# Solved: Wavy lines on monitor screen



## Cheeseball81 (Mar 3, 2004)

My 19" monitor went through a brief period where it would have these long diagonal lines, moving in the direction from the top left hand corner to the bottom right hand corner. Usually I would just select Degauss to fix it. It went on for awhile and then just sort of stopped. Then recently, maybe a few weeks ago...I could hear a slight tick inside of the monitor. Now tonight, the lines are back and they're terrible. They go in the same direction, but a lot faster. Right now they are long and thick...then they get thinner and move faster. At first I thought it was just some kind of electrical interference. But the speakers aren't really that close, plus they are off most of the time. Is my monitor about to croak? I think the quality might be bad. It's a Future Power brand. I don't even think they are in business anymore lol.


----------



## ~Candy~ (Jan 27, 2001)

My guess is you can start digging the grave.
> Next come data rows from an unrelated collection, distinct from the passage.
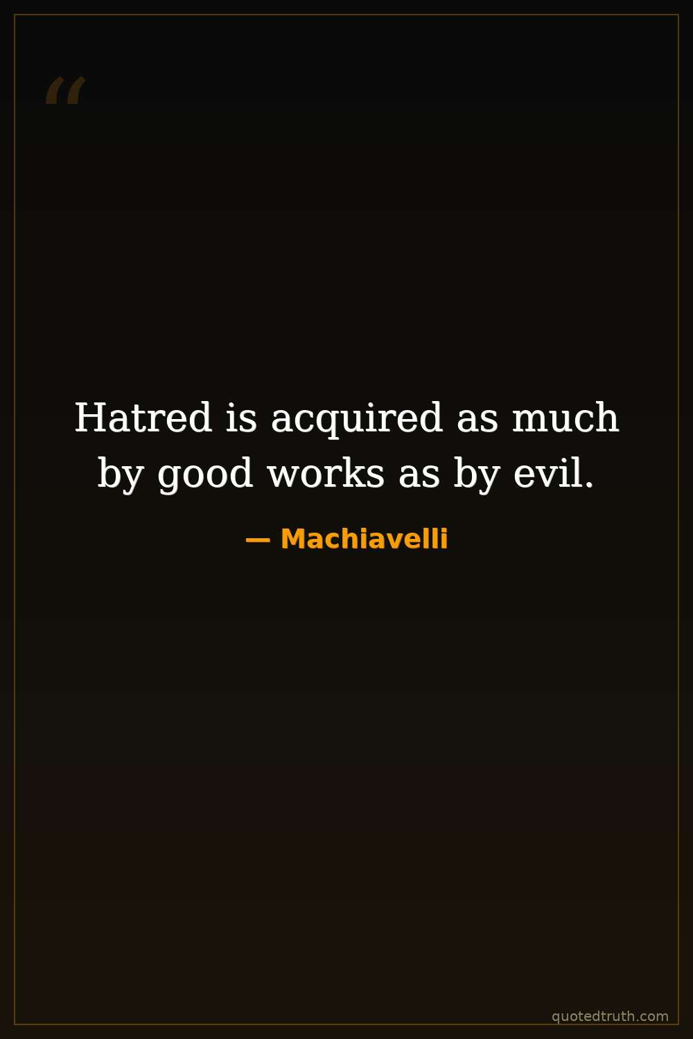 Humorous"Hence it is to be remarked that, in seizing a state, the usurper ought to arrange to commit all his cruelties at once, so as not to have to repeat them every day, and thus able to secure men without f…"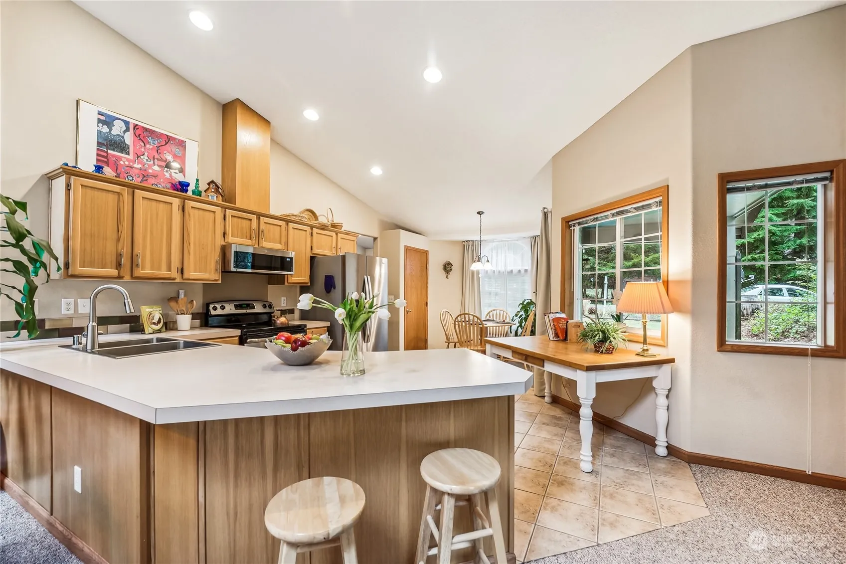 Beautiful rambler available on the Anderson Island Riviera Golf Course. This spacious& inviting home is perfect for entertaining! The roomy kitchen has both a breakfast bar and nook. The open living room with it’s vaulted ceilings, many windows, &skylights is full of natural light. Down the hall, a lovely primary ensuite with soaking tub & huge walk-in closet. 2 additional comfortable bedrooms, full bath, & separate utility room with built-in shelving. Outside, a large, level back yard with 2 patios perfect for outdoor dining. Spend your days golfing, kayaking, boating, hiking, playing pickleball & tennis, walk to the lake or dine at the waterfront restaurant. Anderson Island is a 20-minute ferry ride from the Historic Town of Steilacoom.
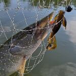 Горинь, район Ходоси. Рибалили з лодки, 3 7 до 16 години, одна покльовка - одна щука. Взяла на глубині 3-3,5 метра, проводка по дні. Вага щуки 1,4кг.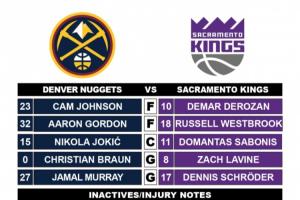 掘金首發(fā):賈馬爾-穆雷、克里斯蒂安-布勞恩、卡梅隆-約翰遜、阿隆-戈登、尼科拉-約基奇

The good news is that they've come way down in price


----------



## brite750 (Mar 16, 2002)

Does it do this in safe mode, if not it might be driver or refresh rate too high.


----------



## Cheeseball81 (Mar 3, 2004)

LOL...yeah I started digging. This is definitely the worst I've ever seen it. The lines were just going left to right vertically. Now they're back to the fast diagonal. It does it in safe mode too. I don't hear that ticking noise anymore. But I had a feeling it was something more internal cause nothing would be interfering with it.


----------



## brite750 (Mar 16, 2002)

Sorry then your toast.


----------



## Cheeseball81 (Mar 3, 2004)

Yeah I kinda figured that. Guess it's only a matter of time before it goes.


----------



## brite750 (Mar 16, 2002)

AcaCandy said:


> My guess is you can start digging the grave.
> 
> The good news is that they've come way down in price


I would recommend an NEC/Mitsubishi 19" true flat crt, they run about $260ish


----------



## Cheeseball81 (Mar 3, 2004)

Okay thanks. Looks like I will be doing some shopping this weekend. I've been meaning to get a flat screen anyway. Tired of lugging these huge heavy ones around.


----------



## brite750 (Mar 16, 2002)

LCD's are nice too, just kinda pricey.


----------



## Cheeseball81 (Mar 3, 2004)

I just wanna get a good quality brand. Especially because I do graphic design. Definitely 17" or higher.


----------



## Cheeseball81 (Mar 3, 2004)

Okay...I just noticed something. I decided to try a different monitor and it does the same exact thing. I even unplugged the speakers and moved everything away from the screen. So instead, I looked at the cable and where it plugs into in the computer. When I plug in the monitor and screw in the top and bottom screw...only one goes in. The top one screws right in but the bottom just keeps turning. I see that wherever it is supposed to screw into...the piece isn't there. Is that what could be causing this? When I fiddle with the cord, the lines seem to go away. Is it because both screws aren't in completely?


----------



## Cheeseball81 (Mar 3, 2004)

:down: I've plugged in 3 different monitors and all of them have the same lines. I think it must be the video card. Any good brands to recommend?


----------



## Stealth3 (Oct 18, 2003)

Its not the monitor, it must be the graphic card. Either power problem or heat problem.


----------



## Cheeseball81 (Mar 3, 2004)

I know. I figured it's the video card. I checked inside and the fan on it is moving. Pretty dirty though. I heard ATI is a good brand.


----------



## Stealth3 (Oct 18, 2003)

what are your specs?


----------



## Cheeseball81 (Mar 3, 2004)

AMD Athlon
1,000 MHz
256 MB 
80 GB HD - Western Digital 7200 rps
DVD-ROM,CD-RW
Floppy, ZIP 100 MB

just added: 
Brand new Antec 400w power supply


----------



## Stealth3 (Oct 18, 2003)

What about the video card?


----------



## Cheeseball81 (Mar 3, 2004)

I have no idea what kind it is. Someone else built this for me. 
When I right click on the desktop and hit display properties, it says Plug and Play Monitor on SiS 630/730.


----------



## Stealth3 (Oct 18, 2003)

Thats the monitor. Download a program that tells you everything about your pc, and specs. 
Try either aida32 or PCWizard. Search them both on yahoo or googles to find a download link.


----------



## Cheeseball81 (Mar 3, 2004)

I went into System Information, under the Display Components it indicates 2 spots where it says "Driver Not Installed". It's under the driver "oemrom.bin".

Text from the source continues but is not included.